Именно в эту минуту он шепчет мне на ухо:
"Укради его!" Я подпрыгиваю, опрокидываю стопку свертков, которую стоящая рядом
женщина прислонила к прилавку.
Он исчезает в толпе.
Уши у меня горят так, что, кажется, вот-вот подожгут волосы. Я чувствую,
что кровь бросилась мне в лицо, вижу,
как на запястье пульсирует жилка. Потом я гляжу уже только на свою правую руку:
она сама зажала в кулаке браслет в
форме сердца.
Продавщица совсем рядом со мной, справа. К ней обращаются одновременно
три покупателя. У нее круги под
глазами, и улыбается она как-то натянуто. Тоненький голос внутри меня говорит:
нехорошо воровать по субботам.
Посмотри на нее: она вцепилась в край прилавка, как будто она в осаде, она
устала и особенно от того, что ей приходится
быть вежливой. Ей очень хотелось бы крикнуть всем нам здесь: "Дайте мне
вздохнуть! Уходите! Дайте мне вернуться
домой!" - Какой мерзкий поступок, - продолжает голос. - Ты могла бы своровать во
вторник утром. И подумать только, что
ты все эти годы ничего не своровала, даже жетон, упавший на пол в кабине
телефона-автомата. Начинать в твоем возрасте!
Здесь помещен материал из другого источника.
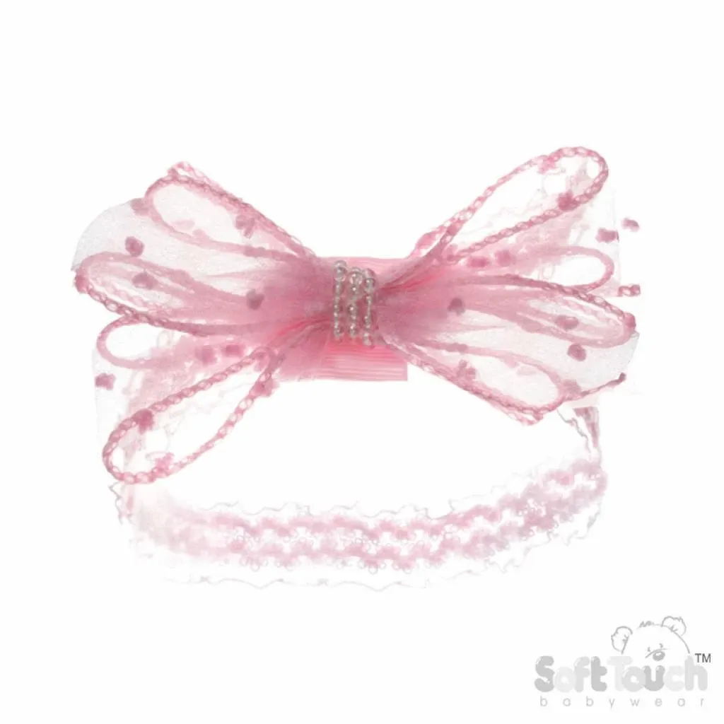 Lace Flower and Pearl Headband by Soft Touch – Pink & White (Newborn–12 Months)

Я беру второй браслет в правую руку, беру цепочку и говорю продавщице, что я
хочу их купить. Она улыбается мне и
отвечает, глядя на браслет: "Мне тоже он очень нравится".
Я быстро расплачиваюсь, беру бумажный пакетик с украшениями и бросаюсь
вон из магазина. Он стоит,
прислонившись к стене у остановки автобуса на 15-й улице. Он делает мне знак
рукой и одновременно останавливает такси.
Открывает дверцу, ждет пока я перейду улицу и сяду, забившись поглубже.
- Неплохо, - говорит он, когда такси отъезжает. - Довольно быстро.